* [Exercise directions] Given the records underneath, please repeat exactly the lines from the line with "活动的高潮出现在签约环节——" through the line with "随着消防警报响起,老师有序疏", passing over any picture.
--- Given data Enclosed Below ---
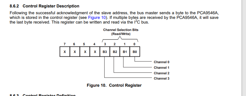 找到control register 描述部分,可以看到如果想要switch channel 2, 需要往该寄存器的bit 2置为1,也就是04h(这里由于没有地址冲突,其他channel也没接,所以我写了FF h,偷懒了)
--- End of Enclosed Given data ---
--- Given data Enclosed Below ---
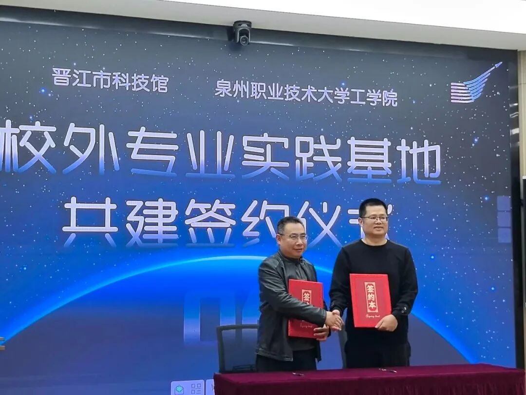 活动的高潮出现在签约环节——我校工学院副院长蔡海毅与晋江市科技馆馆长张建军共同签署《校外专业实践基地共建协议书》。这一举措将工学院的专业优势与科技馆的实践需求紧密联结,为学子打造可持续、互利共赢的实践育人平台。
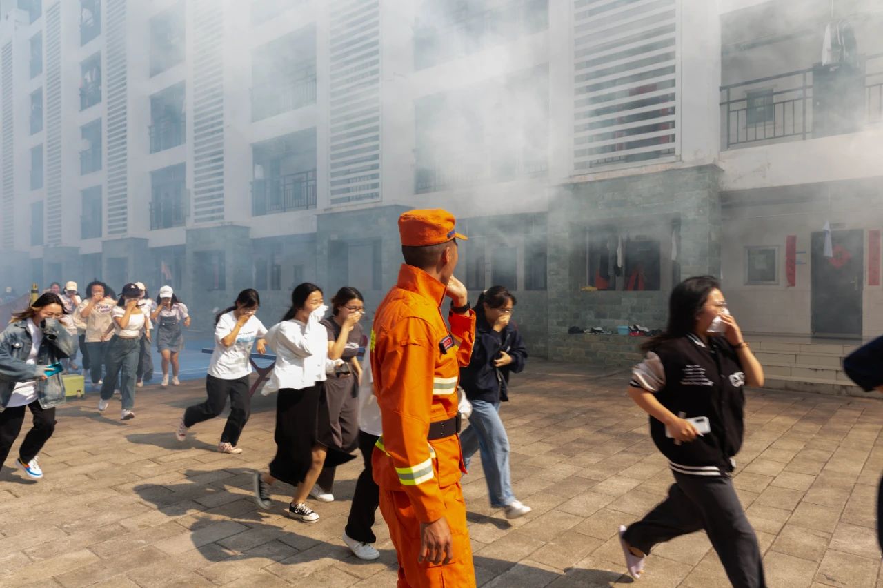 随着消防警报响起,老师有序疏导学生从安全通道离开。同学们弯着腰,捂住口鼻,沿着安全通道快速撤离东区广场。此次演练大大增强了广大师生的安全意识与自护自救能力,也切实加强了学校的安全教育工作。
--- End of Enclosed Given data ---
* [Reply]
 活动的高潮出现在签约环节——我校工学院副院长蔡海毅与晋江市科技馆馆长张建军共同签署《校外专业实践基地共建协议书》。这一举措将工学院的专业优势与科技馆的实践需求紧密联结,为学子打造可持续、互利共赢的实践育人平台。
 随着消防警报响起,老师有序疏导学生从安全通道离开。同学们弯着腰,捂住口鼻,沿着安全通道快速撤离东区广场。此次演练大大增强了广大师生的安全意识与自护自救能力,也切实加强了学校的安全教育工作。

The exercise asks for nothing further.